Designer Cornelia Markus-Diedenhofen’s objective was to turn the very old-fashioned look into a contemporary design aiming to give guests the feeling of being at home.

“When I first saw the space, I found myself in an 80s-style hotel and all the historic elements had been eliminated,” she said.

“The rooms were filled up with furniture that did not match the room sizes. All in all, it looked pretty much worn out.”

Although the building was in good condition, the historic façade needed restoration so the owners decided to not only recreate the inside, but also the exterior.

The challenge during the renovation was definitely to work in harmony with the ancient and historic neighborhood, said Cornelia.

“You are not allowed to drive into the ‘centro storico’ with a big truck to get things out or bring in new furniture. So we had to transport all the items with little vans which took a lot of effort and time,” she said.

“Also, changing the revolving entrance door was a tough thing. We did all the work in thee parts, because the hotel had not been closed down and there were always about 50 rooms in operation. The logistics were tough, but the guests were incredibly relaxed, seeing that something new and very nice was coming up.”

Since nothing historic remained except the staircase from the ground to the fourth floor, there was no pressure about creating the old palace feeling.

“The height of the former hall had been reduced and we found nice historic elements when opening the ceilings, but there was not a chance to use anything that remained because everything was badly damaged,” Cornelia said.

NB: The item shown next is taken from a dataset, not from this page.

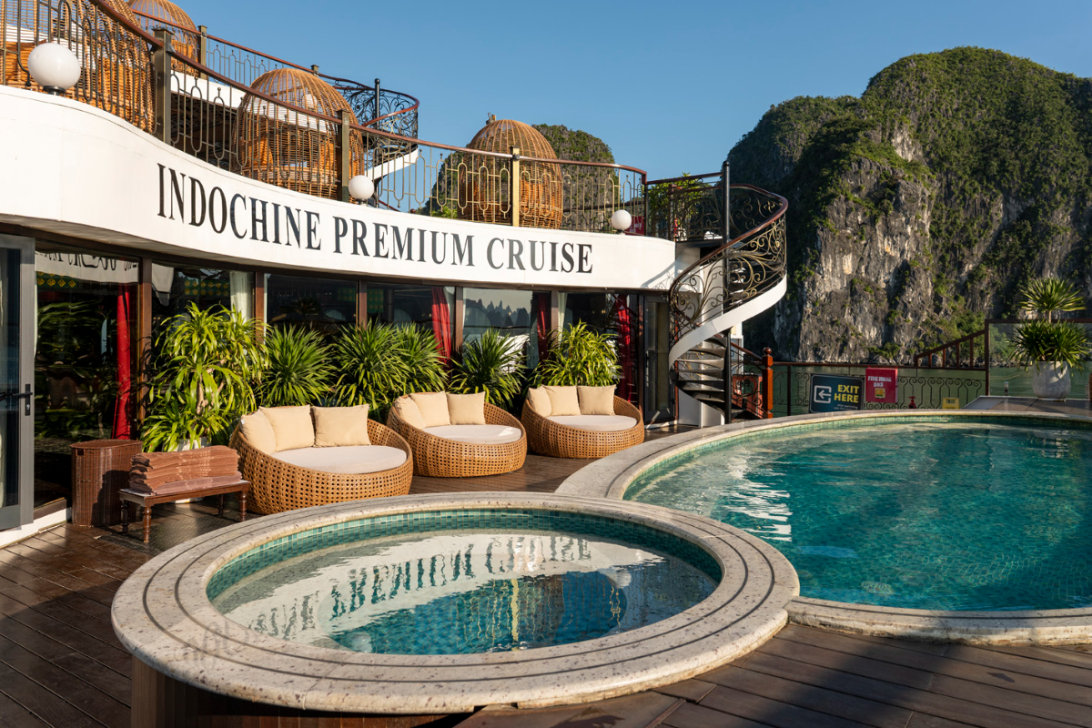 Elija entre un refrescante baño o una subida a la cima para disfrutar de impresionantes vistas de la bahía de Ha Long.

“So I thought about other themes of Florentine history and looked at the place as having been the cradle of fashion design in Italy and the world.”


Yang Di / SHINE

The designer chose the creamy tones to make rooms look brighter and bigger.

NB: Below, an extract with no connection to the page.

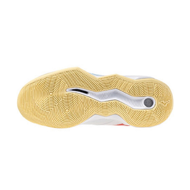 Las Mizuno Wave Momentum Pro WOS en blanco y coral son zapatillas de voleibol de alto rendimiento diseñadas para jugadoras exigentes que buscan lo mejor en innovación, confort y estabilidad en pista indoor.

Cornelia decided to bring a touch of 1950s glamor into the design of the hotel.

“One of the most popular and most loved actresses at that time was Audrey Hepburn, so I chose this icon as a symbol,” she said.

Cornelia has incorporated elements of that period into the furniture design and especially in the ceiling in the restaurant. She wanted to create the atmosphere of an inviting living room rather than a standard hotel restaurant. 

Since the reception counter of the hotel used to be a marble block and looked very martial, Cornelia used leather to give a soft touch to the colder elements and she also integrated brass to give warmth to the overall design. The carpets in the lobby and bar area were custom-made in Nepal.

For the 86 guest rooms, Cornelia again used elements from the 1950s to create a contemporary, elegant setting through colors and materials. The flavor of the period is seen in the chairs, legs of the tables and pictures of 1950s Florence.

As the rooms are compact, she chose the creamy tones to make them look brighter and bigger.

“Creamy tones also give off a fashion vibe and the city itself gives you so many colorful impressions and so much to look at,” Cornelia said. “I want the guests come and relax in a more soothing environment.”